Oggi ricordiamo Sant’Edvige regina. E’ conosciuta la sua generosità verso i poveri. Benché fosse ricca, non dimenticava gli indigenti. E’ per noi esempio e modello, come bisogna vivere e mettere in pratica l’insegnamento di Cristo sull’amore e sulla misericordia e rendersi simili a colui che, come dice San Paolo “essendo ricco si è fatto povero per noi, perché diventassimo ricchi per mezzo della sua povertà” (cfr 2 Cor 8, 9).

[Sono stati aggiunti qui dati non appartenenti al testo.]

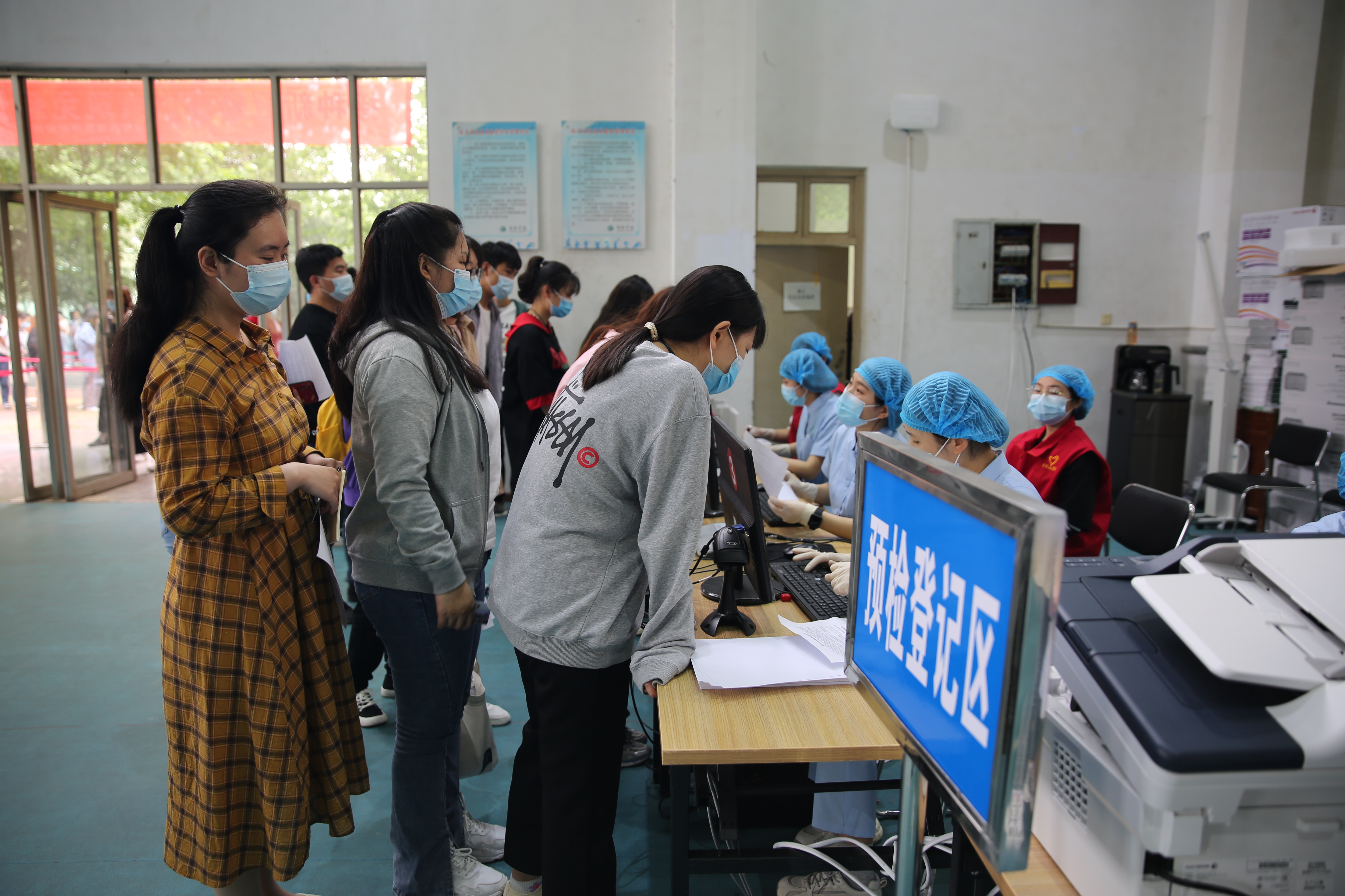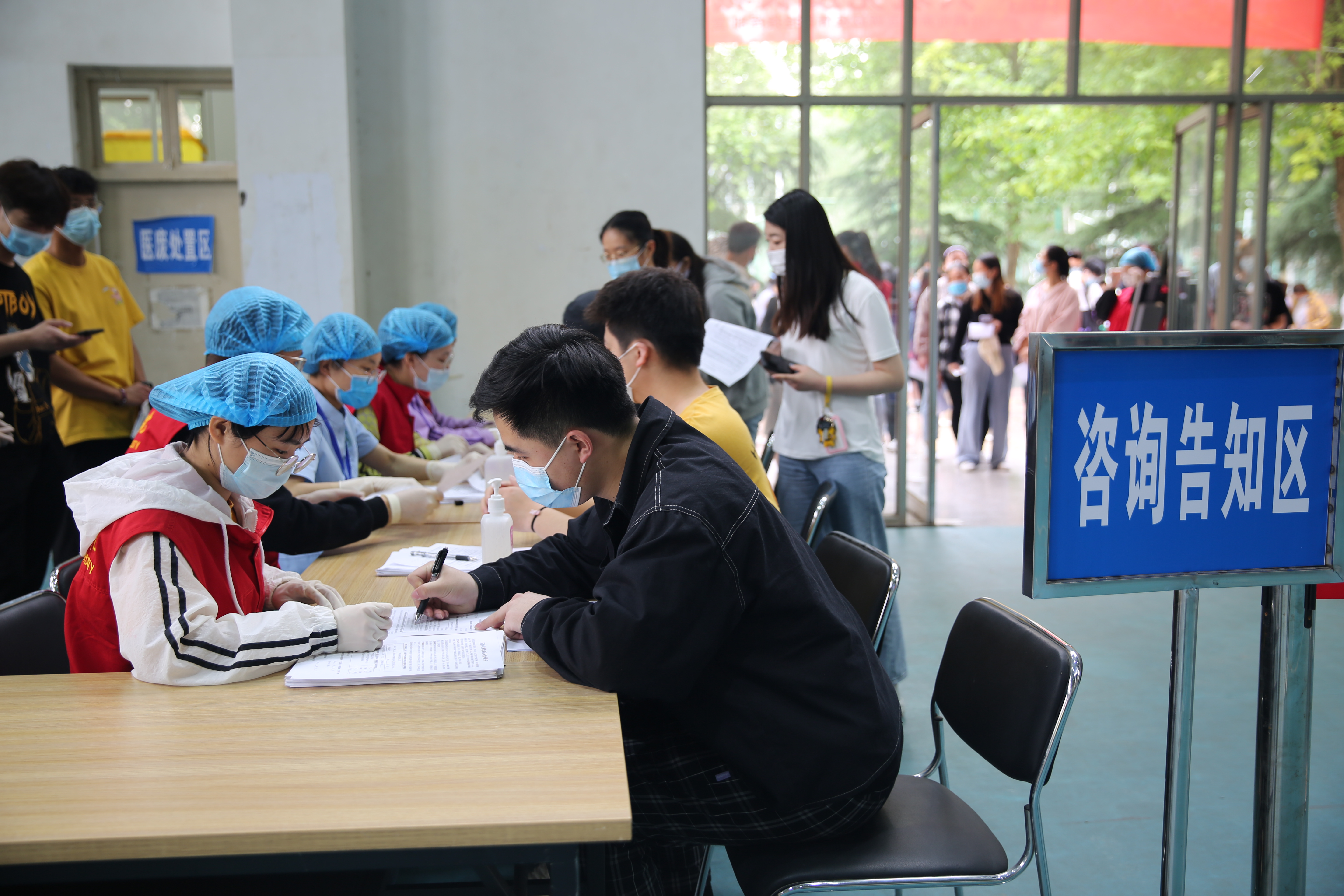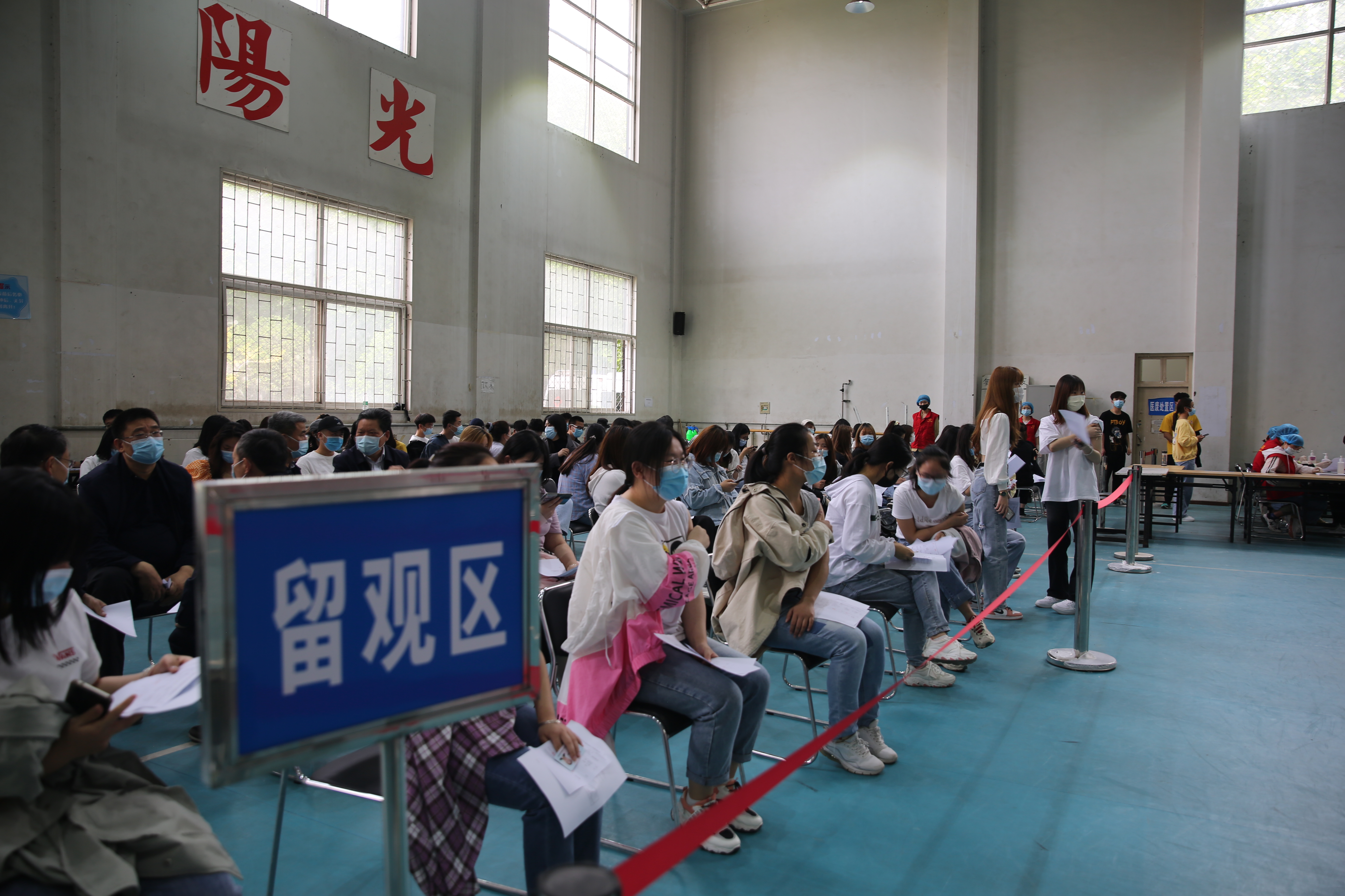 5月7日上午,全体在校校领导一同来到接种现场接种疫苗。前来接种的学生在志愿者引导下有序排队,经体温测量、健康咨询、知情同意书填写、信息录入、疫苗接种、留观半小时等流程依次完成接种。按照接种要求,现场设置有咨询告知区、预检登记区、接种区和留观区等区域,各个环节指示清晰明确,保证接种全过程单向流动。现场各部门人员协同配合,整个接种程序严谨,操作规范,秩序井然。

“Beati i poveri in spirito”. E’ il grido di Cristo che oggi dovrebbe ascoltare ogni cristiano, ogni uomo credente. C’è tanto bisogno di uomini poveri in spirito, cioè aperti ad accogliere la verità e la grazia, aperti alle grandi cose di Dio; di uomini dal cuore grande che non si lasciano incantare dallo splendore delle ricchezze di questo mondo e non permettono che esse abbiano il dominio sui loro cuori. Sono veramente forti, perché colmi della ricchezza della grazia di Dio. Vivono nella consapevolezza di ricevere da Dio incessantemente e senza fine.

“Non possiedo né argento né oro, ma quello che ho te lo do: nel nome di Gesù Cristo, il Nazareno, cammina!” (At 3, 6) - con queste parole gli Apostoli Pietro e Giovanni rispondono alla richiesta dello zoppo dello storpio. Gli donarono il sommo bene che egli avrebbe potuto desiderare. Poveri trasmisero al povero la più grande ricchezza: nel nome di Cristo gli restituirono la salute. Mediante ciò confessarono la verità che attraverso le generazioni è la parte dei confessori di Cristo.

Ecco i poveri in spirito, senza possedere essi stessi né argento né oro, grazie a Cristo hanno un potere maggiore di quello che possono dare tutte le ricchezze del mondo.

Davvero, sono felici e beati questi uomini, perché ad essi appartiene il regno dei cieli. Amen.

[Papa Giovanni Paolo II, omelia Elk 8 giugno 1999]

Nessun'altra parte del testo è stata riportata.